PROBLEM
In the data below, reproduce everything exactly except the images.

═══ STORED DATA

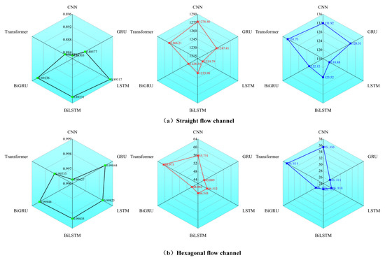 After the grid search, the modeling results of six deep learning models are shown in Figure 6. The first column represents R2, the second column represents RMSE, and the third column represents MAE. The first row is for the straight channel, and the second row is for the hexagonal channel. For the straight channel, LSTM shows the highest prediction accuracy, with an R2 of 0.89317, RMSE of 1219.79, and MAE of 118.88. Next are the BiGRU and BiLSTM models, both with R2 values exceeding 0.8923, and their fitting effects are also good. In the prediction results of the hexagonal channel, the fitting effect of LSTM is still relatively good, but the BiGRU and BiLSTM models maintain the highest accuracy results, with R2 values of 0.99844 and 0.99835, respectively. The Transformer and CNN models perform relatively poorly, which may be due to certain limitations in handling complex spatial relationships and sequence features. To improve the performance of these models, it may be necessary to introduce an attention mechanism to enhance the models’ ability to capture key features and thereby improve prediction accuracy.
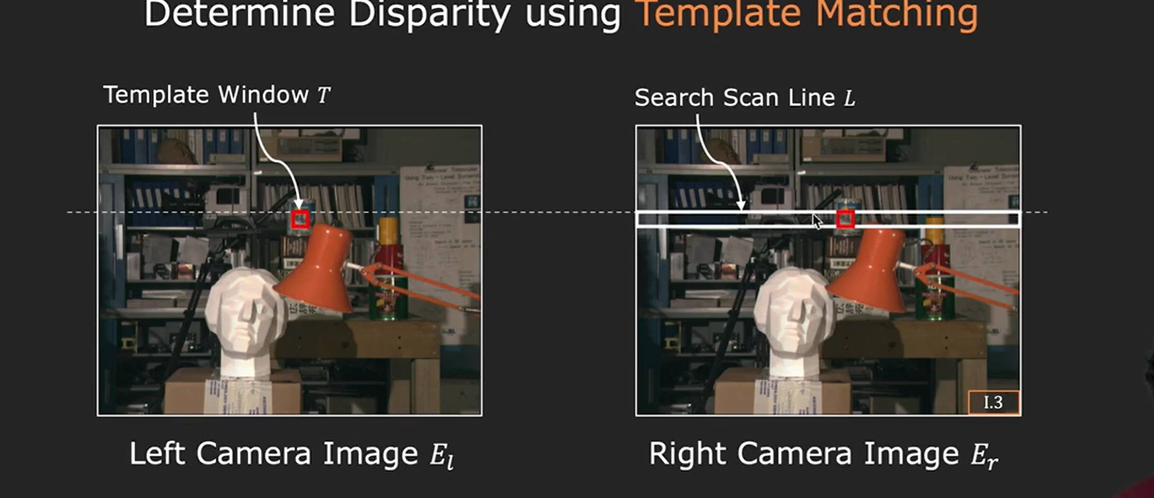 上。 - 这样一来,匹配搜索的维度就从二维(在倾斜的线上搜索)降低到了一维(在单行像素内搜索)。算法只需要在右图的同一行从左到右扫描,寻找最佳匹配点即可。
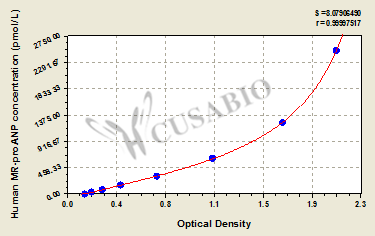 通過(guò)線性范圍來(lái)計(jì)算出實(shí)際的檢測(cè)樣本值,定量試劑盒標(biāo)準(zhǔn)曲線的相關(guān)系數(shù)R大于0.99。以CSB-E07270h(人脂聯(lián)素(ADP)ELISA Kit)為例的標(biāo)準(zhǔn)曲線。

══════

WRITTEN REPLY
 After the grid search, the modeling results of six deep learning models are shown in Figure 6. The first column represents R2, the second column represents RMSE, and the third column represents MAE. The first row is for the straight channel, and the second row is for the hexagonal channel. For the straight channel, LSTM shows the highest prediction accuracy, with an R2 of 0.89317, RMSE of 1219.79, and MAE of 118.88. Next are the BiGRU and BiLSTM models, both with R2 values exceeding 0.8923, and their fitting effects are also good. In the prediction results of the hexagonal channel, the fitting effect of LSTM is still relatively good, but the BiGRU and BiLSTM models maintain the highest accuracy results, with R2 values of 0.99844 and 0.99835, respectively. The Transformer and CNN models perform relatively poorly, which may be due to certain limitations in handling complex spatial relationships and sequence features. To improve the performance of these models, it may be necessary to introduce an attention mechanism to enhance the models’ ability to capture key features and thereby improve prediction accuracy.
 上。 - 这样一来,匹配搜索的维度就从二维(在倾斜的线上搜索)降低到了一维(在单行像素内搜索)。算法只需要在右图的同一行从左到右扫描,寻找最佳匹配点即可。
 通過(guò)線性范圍來(lái)計(jì)算出實(shí)際的檢測(cè)樣本值,定量試劑盒標(biāo)準(zhǔn)曲線的相關(guān)系數(shù)R大于0.99。以CSB-E07270h(人脂聯(lián)素(ADP)ELISA Kit)為例的標(biāo)準(zhǔn)曲線。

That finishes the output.